ROC analysis has showed that D parameter obtained using novel model at 1.5 T was able to differentiate between tumor and healthy PZ (AUC: 0.98) with high sensitivity (94%) and specificity (94%), which is in agreement with literature [9, 42]. Whereas, D* parameter using traditional model at 3 T showed higher AUC, which might be artifactual because of high noise in the parameter map. Parameter f and k (novel model at 1.5 T) have shown improvement in diagnostic performance while using novel model with high AUC (f: 0.76; k: 0.75), sensitivity (f: 63%; k: 100%), and specificity (f: 94%; k: 69%) in differentiation of tumor from healthy PZ.

Limitations

This study had few limitations including the same patients could not be scanned twice due to institutional ethical constraints and patients' permission; the patients imaged at 1.5 T were not the same patients scanned at 3 T. Thus, we could not assess the intra-modality repeatability and further work is needed to investigate this. Second, ROIs for tumor, healthy PZ and BPH were drawn manually by one radiologist, which may have led to biases in analysis. In future, automatic detection of different tissues could be employed. Third, in this study, sample size was relatively smaller limited to 32 patients and patients against Gleason score were not evenly distributed, which may not imply any firm conclusions for clinical applications. No correlation with clinical scores was performed as the number of patients with individual grade-wise PCa category was not large enough for any comprehensive analysis. Fourth, whole mount section histopathology was not available for all the subjects, as it is not performed at our institute as a standard procedure for all the patients undergoing radical prostatectomy. Fifth, parallel imaging acquisition may have affected SNR calculations of the dataset, given that SD was estimated from a background ROI. Lastly, analyses of the hybrid IVIM–DKI model performance with other DWI models (such as monoexponential, stretched exponential, kurtosis, or biexponential models) could not be compared, as was beyond the purpose of this study.
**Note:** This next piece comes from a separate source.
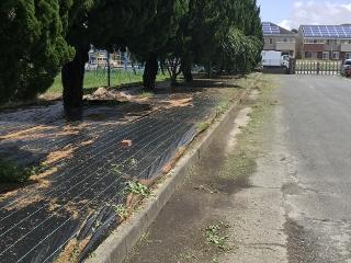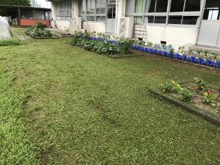 7月17日(金) 朝の登校指導・あいさつ運動の後、6年生の男子2名が草取りをしてくれました。前から気になっていたバス停横の花壇です。声をかけたら喜んで協力してくれました。ありがとう。

This comparison of model performance could be very interesting and subject of future work, ideally using a larger patient cohort.

Conclusions

Total variation function-based optimization for IVIM–DKI model is proposed as a new analysis methodology. It was shown that even at lower field strength 1.5 T, using this novel model produced lower error in parameter estimation with better-quality parametric reconstruction and high diagnostic performance when compared with the traditional hybrid analysis method used at 3 T. IVIM–DKI could play an essential role in prostate lesion detection when used at 1.5 T (combined with a more advanced analysis method). Thus, IVIM–DKI can have a much broader application and impact on cancer management of the prostate diseases.